US NATO envoy says door open to region

The NATO alliance is open to further engagement if India wishes, the US NATO envoy has said.

New Delhi:

US NATO Ambassador Julianne Smith, while speaking about NATO and strengthening relations with South Asia and the Indo-Pacific, practically said that the Atlantic Treaty Organization Nord was ready to engage further with India if she was interested. The ambassador, however, pointed out that there are currently no plans by the alliance to extend this to a broader global military alliance.

“The NATO alliance is open to more engagement if India wishes.

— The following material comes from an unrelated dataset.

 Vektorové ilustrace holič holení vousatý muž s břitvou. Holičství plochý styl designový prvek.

NATO currently has 40 different partners around the world and each individual partnership is different. Various countries come to the door seeking different levels of political commitment, sometimes countries are much more interested in working on interoperability and standardization issues. So they vary. But the message that has already been sent to India is that the alliance of the NATO is certainly open to increased engagement with India, if that country is interested,” Julianne Smith said during a virtual press briefing.

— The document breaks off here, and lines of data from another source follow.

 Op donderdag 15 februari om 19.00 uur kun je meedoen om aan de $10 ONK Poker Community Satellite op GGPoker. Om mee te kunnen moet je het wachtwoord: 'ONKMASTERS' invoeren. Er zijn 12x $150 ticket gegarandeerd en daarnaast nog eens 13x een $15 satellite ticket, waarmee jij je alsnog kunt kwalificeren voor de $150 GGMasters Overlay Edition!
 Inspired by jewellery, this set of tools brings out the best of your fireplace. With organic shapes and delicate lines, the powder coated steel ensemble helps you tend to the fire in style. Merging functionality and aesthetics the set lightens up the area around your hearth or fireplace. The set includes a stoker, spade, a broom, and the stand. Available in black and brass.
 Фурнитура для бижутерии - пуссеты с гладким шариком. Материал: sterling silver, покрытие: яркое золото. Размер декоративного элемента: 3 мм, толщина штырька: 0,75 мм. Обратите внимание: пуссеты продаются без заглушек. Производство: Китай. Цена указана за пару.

“Membership is not something we have really considered with anyone in the Indo-Pacific or Asia-Pacific. The alliance remains the Euro-Atlantic military alliance. Its door is open to the region. But there are no plans from the alliance to expand this to a broader global military alliance,” she added.

Furthermore, speaking on the meeting of NATO foreign ministers, which will take place on April 4-5, 2023 at NATO headquarters in Brussels, the ambassador said “at this stage, we would not like not invite them (India) to NATO ministerial until we know more about their interest in engaging the alliance more broadly”.

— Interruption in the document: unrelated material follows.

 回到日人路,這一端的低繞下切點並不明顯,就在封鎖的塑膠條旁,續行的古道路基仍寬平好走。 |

“As for the ministerial meeting next week, 4 countries that I mentioned (Australia, New Zealand, Republic of Korea and Japan), are four countries that have already established formal partnerships with the alliance for many years. many years. They have worked closely with the NATO alliance on security challenges. Those relationships continue. We have worked to strengthen those relationships. These are four countries that joined us at last year’s summit in Madrid,” Smith said.

“As for the future with India, I think the NATO door is open in terms of engagement if India is interested. But we would not at this stage want to invite them to the ministerial meeting. from NATO until we know more about their interest in engaging the alliance more broadly,” she added.

Appreciating India’s role in the Russian-Ukrainian war, the envoy said she was grateful for the humanitarian aid India was able to provide to the country and appreciated India’s appeal to the immediate end of the war in Ukraine.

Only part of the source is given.